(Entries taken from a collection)
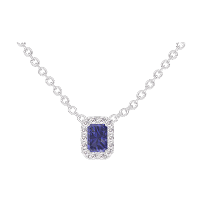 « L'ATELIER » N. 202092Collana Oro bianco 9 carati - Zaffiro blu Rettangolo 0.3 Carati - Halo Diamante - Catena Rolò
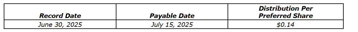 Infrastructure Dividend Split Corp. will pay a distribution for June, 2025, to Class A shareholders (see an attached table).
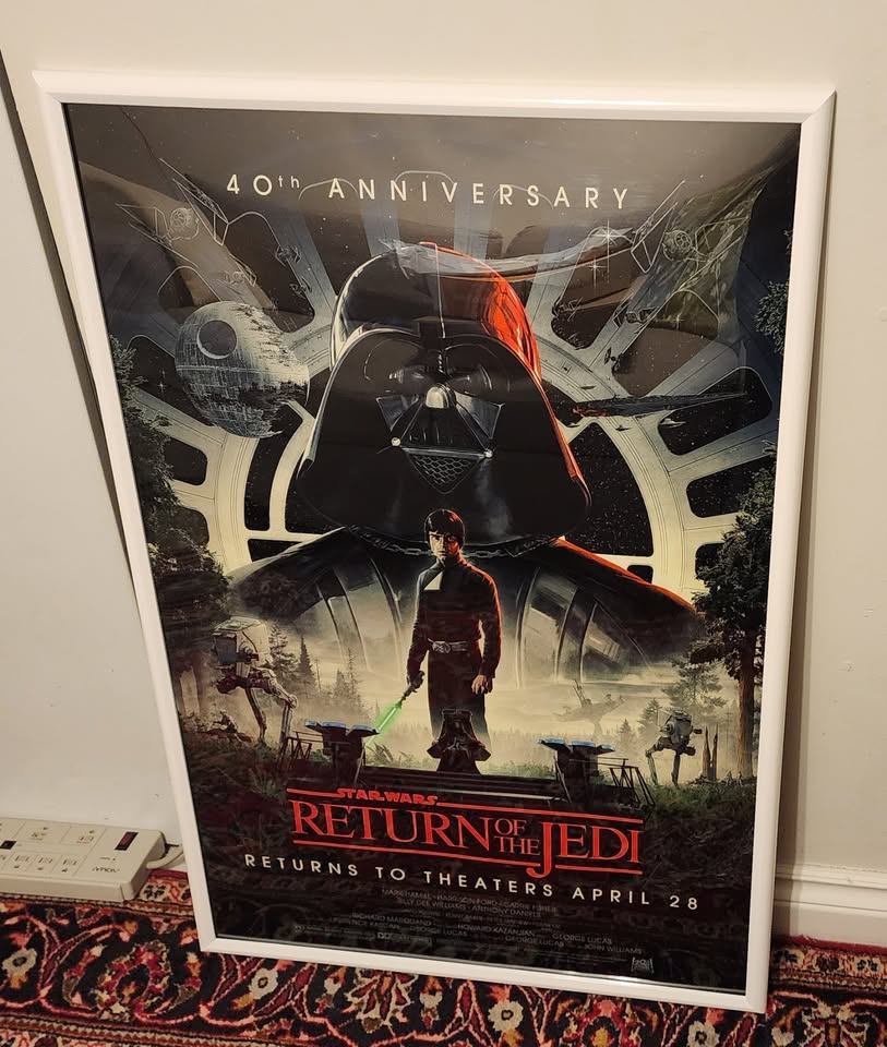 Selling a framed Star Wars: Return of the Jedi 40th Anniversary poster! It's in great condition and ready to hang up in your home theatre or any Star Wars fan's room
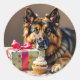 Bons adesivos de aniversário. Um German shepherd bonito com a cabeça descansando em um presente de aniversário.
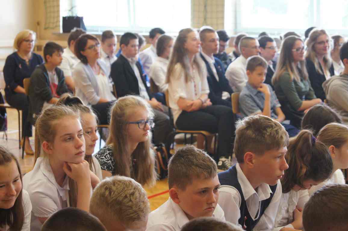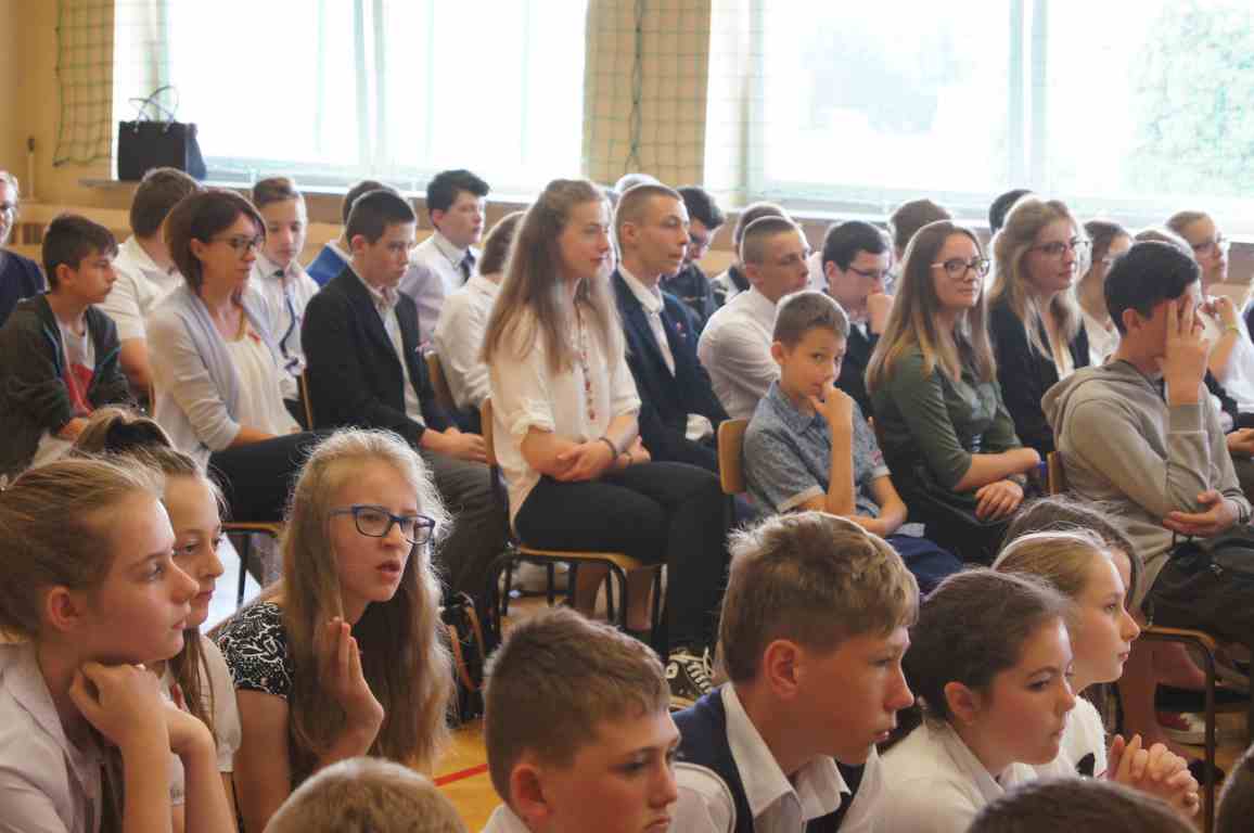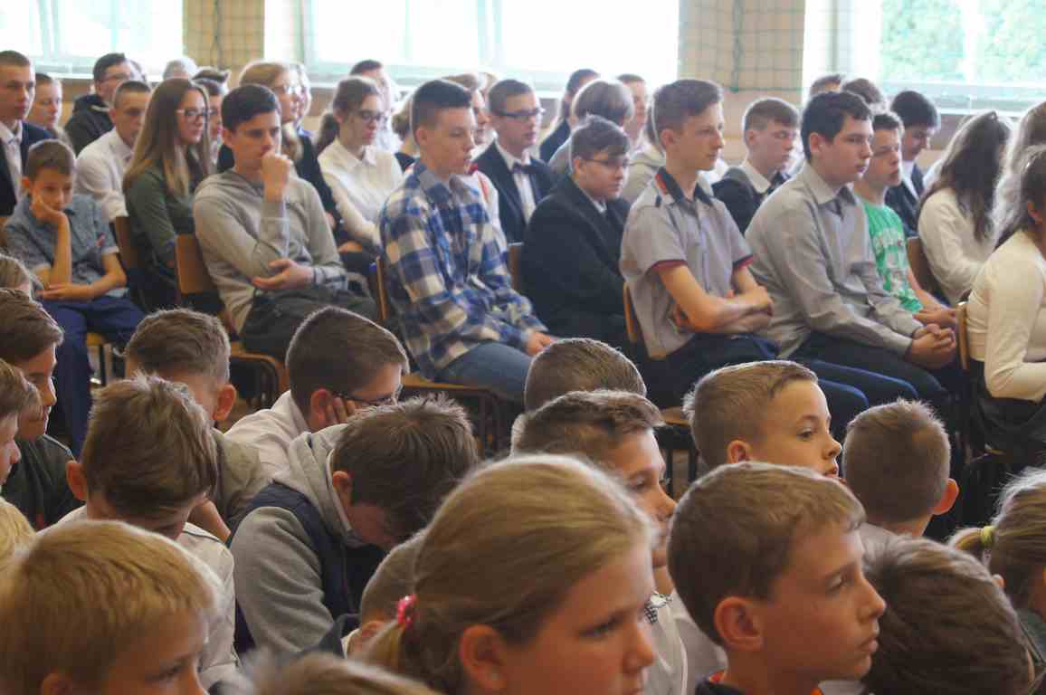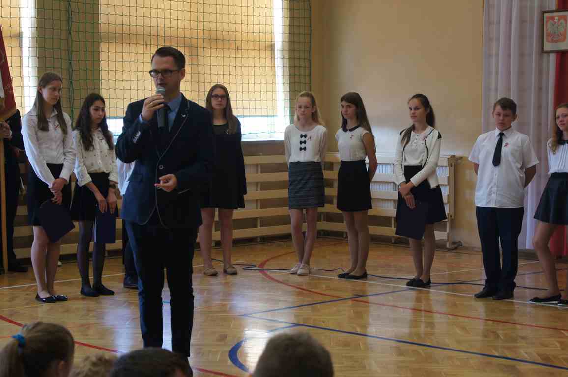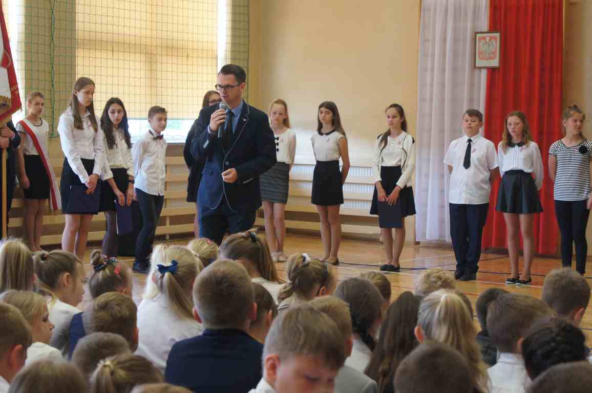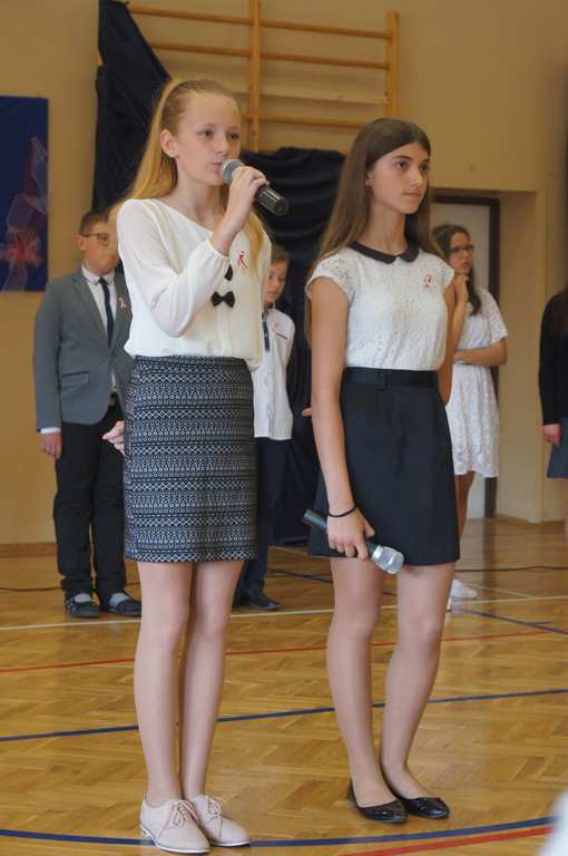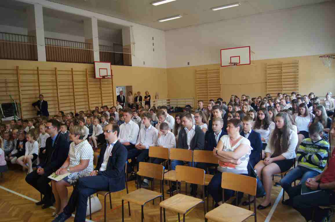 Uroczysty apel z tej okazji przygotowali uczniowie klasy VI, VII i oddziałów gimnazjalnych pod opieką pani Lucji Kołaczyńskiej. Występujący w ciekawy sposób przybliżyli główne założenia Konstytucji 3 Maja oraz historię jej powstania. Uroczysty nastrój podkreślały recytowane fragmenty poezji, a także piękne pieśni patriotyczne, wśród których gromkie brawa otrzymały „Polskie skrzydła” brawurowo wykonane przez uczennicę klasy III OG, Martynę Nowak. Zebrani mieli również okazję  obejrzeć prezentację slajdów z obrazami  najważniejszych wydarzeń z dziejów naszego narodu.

What is needed
Nothing but the lines from the top of the data above through the line containing "Infrastructure Dividend Split" should be output, exactly as written and without the pictures.

Exercise solution
 « L'ATELIER » N. 202092Collana Oro bianco 9 carati - Zaffiro blu Rettangolo 0.3 Carati - Halo Diamante - Catena Rolò
 Infrastructure Dividend Split Corp. will pay a distribution for June, 2025, to Class A shareholders (see an attached table).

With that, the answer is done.